We toured it with headlamps, seeing the very beginning of developed trails through huge rooms of spectacular formations. A year or so later they found a skeleton of a prehistoric man determined to have fallen and died there 800 years before, only a few yards from where we were. But that day we experienced what is now the Blanchard Springs Caverns, and if you haven’t seen the caverns and surrounding area, spend a day there when you visit Buffalo River Country. There are a couple of tours through the caverns, they aren’t expensive, and you won’t believe your eyes when you see the inside of that huge cave with all the different formations. Only a few miles away there are Forest Service campgrounds, Barkshead and Gunner Pool, and miles and miles of hiking trails, bike trails, and horseback riding. Sylamore Creek flows through it, (yes, Sylamore) and below the cave there are campgrounds available as well.  The huge roaring cold springs which flow from the caverns from beneath a high rock bluff have been an attraction for decades, and the Civilian Conservation Corps did some fantastic work there on walls, walkways and bridges back in the 1930’s. A dam they built below the springs backs up a small lake just above an old mill, and Val Davenport Matty tells me her parents go there often and catch trout which are stocked there. They say the fishing is great.   

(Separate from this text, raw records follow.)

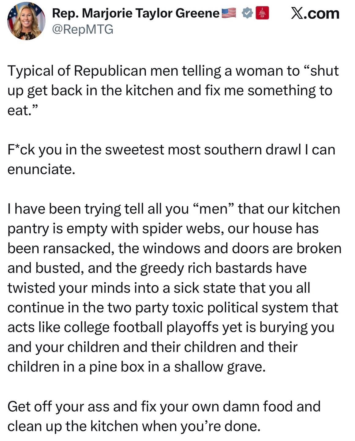 “Typical of Republican men telling a woman to ‘shut up, get back in the kitchen, and fix me something to eat.’Well, bless your heart — but absolutely not.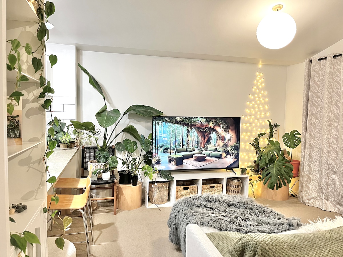 TV has a chrome cast or you can use the HDMI to plug into your laptop or device as well unlimited fibre wifi( no areial), small fridge ,toaster and microwave ,tea and coffee in room.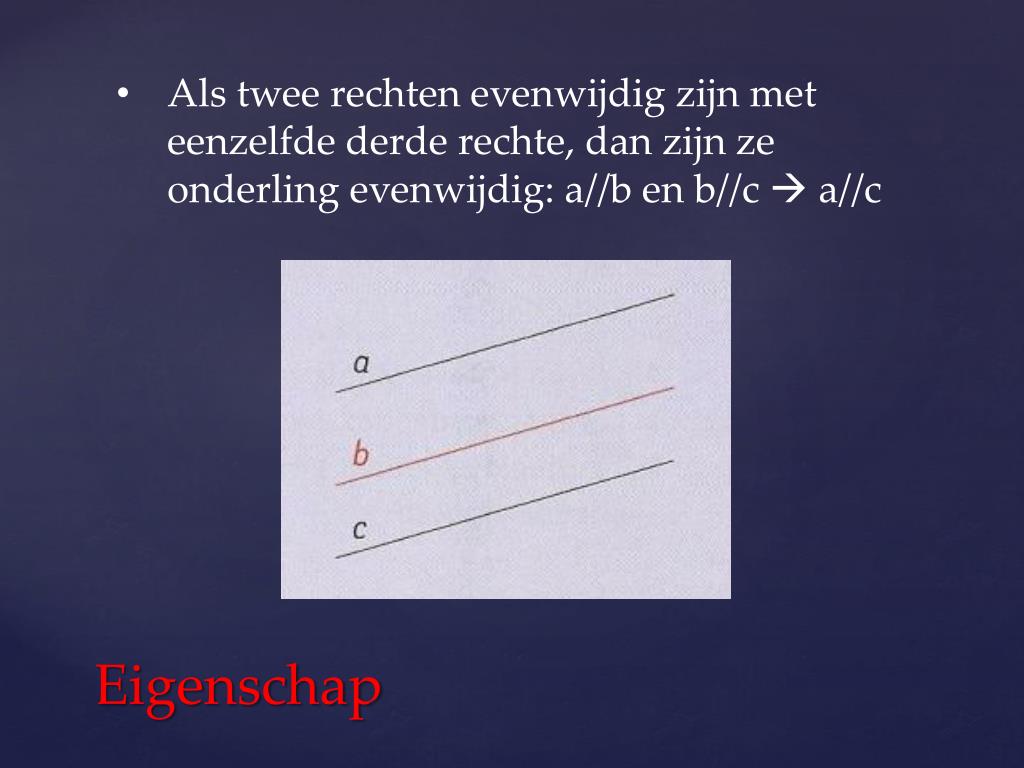 Als twee rechten evenwijdig zijn met eenzelfde derde rechte, dan zijn ze onderling evenwijdig: a//b en b//c a//c Eigenschap

Val was there that day in 1971 when all those state park naturalists met for breakfast before taking a bus to Blanchard Springs. She was a 16-year-old waitress for her mother, who operated the park restaurant.  I spent a couple of hours talking to her the other evening, at her home just outside the park. Val loves the area, and knows it all as well as anyone, since she grew up there. We talked about one of the old timers who worked at the park back then, by the name of Rufus Still.   Rufus had a gift Ozark hill people talked about often back then. He could make warts go away. Val might have doubted it if she hadn’t seen it with her own eyes.

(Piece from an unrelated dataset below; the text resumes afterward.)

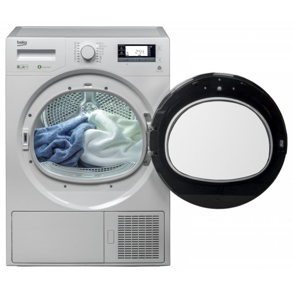 Tehnologia inovativa a uscatoarelor de rufe BEKO cu pompa de caldura este o combinatie intre un uscator in condensatie si un aparat de aer conditionat. Condensatorul din sistem incalzeste aerul ce usuca rufele, iar vaporizatorul indeplineste functia de condensare si uscare a aerului umed si fierbinte.Circuitul inchis cu pompa de caldura este cel mai eficient energetic in procesul de uscare a rufelor, comparativ cu modelele conventionale. Prin intermediul acestui sistem, temperatura aerului din interiorul tamburului este considerabil redusa fata de uscatoarele conventionale si cel mai important aspect, consuma cantitati minime de energie.

“I was in college and came home for the summer, and had developed warts on my hands and forehead,” she said.  Daddy told me to go see Rufus, and if he couldn’t make them go away he would take me to see a dermatologist in the city.  I didn’t believe for a minute it would work, but he touched each wart with a needle and told me to go home and forget about them.  He said that in a couple of weeks I would be putting on my socks some morning and I would think about them and they would be gone.  And that’s exactly what happened.

Rufus was one of many of the old hill people or river people whom I talked to and got to know and respected so much. Modern society looks at them as backwards and uneducated people, but they were not. They had something special, and they had a different kind of education that comes from being so close to the land, so in tune with a spiritual existence modern culture knows so little of. They are all gone now, and I miss them. They were special people, and I can’t be there without feeling a bond with them, driving back roads and seeing old cabins and places on the river which are still like it was back then, fifty years ago, or a hundred and fifty years ago.

If you go to see the Buffalo, or Blanchard Springs, go see Val. She owns and rents log cabins with fireplaces there only a short distance from the Buffalo River, a great place to spend the night and feel like you are a part of the river the way it was a hundred years or more ago.  She can also help you get a canoe to float the river, and have someone pick you up at the end of the day. And she can tell you special places to see that you might otherwise miss. Her phone number is 870-404-4987. Tell her an old naturalist sent you.
   
Our Swap Meet held on October 9, was a huge success, and we raised a great deal of money to use this winter to buy coats and shoes for needy grade school children. Thirty-eight people donated $670 that day, and I sold $430 worth of books and magazines. Folks at the Arcola, Missouri Christian Church donated $383 more last Sunday, so we have just short of $1500 in that fund. I’ll continue to let readers know where the money is going and how many children will benefit from it, between now and Christmas. I want to thank the Brighton Assembly of God congregation for making their gymnasium available to us at no cost, and pitching in to help in so many ways.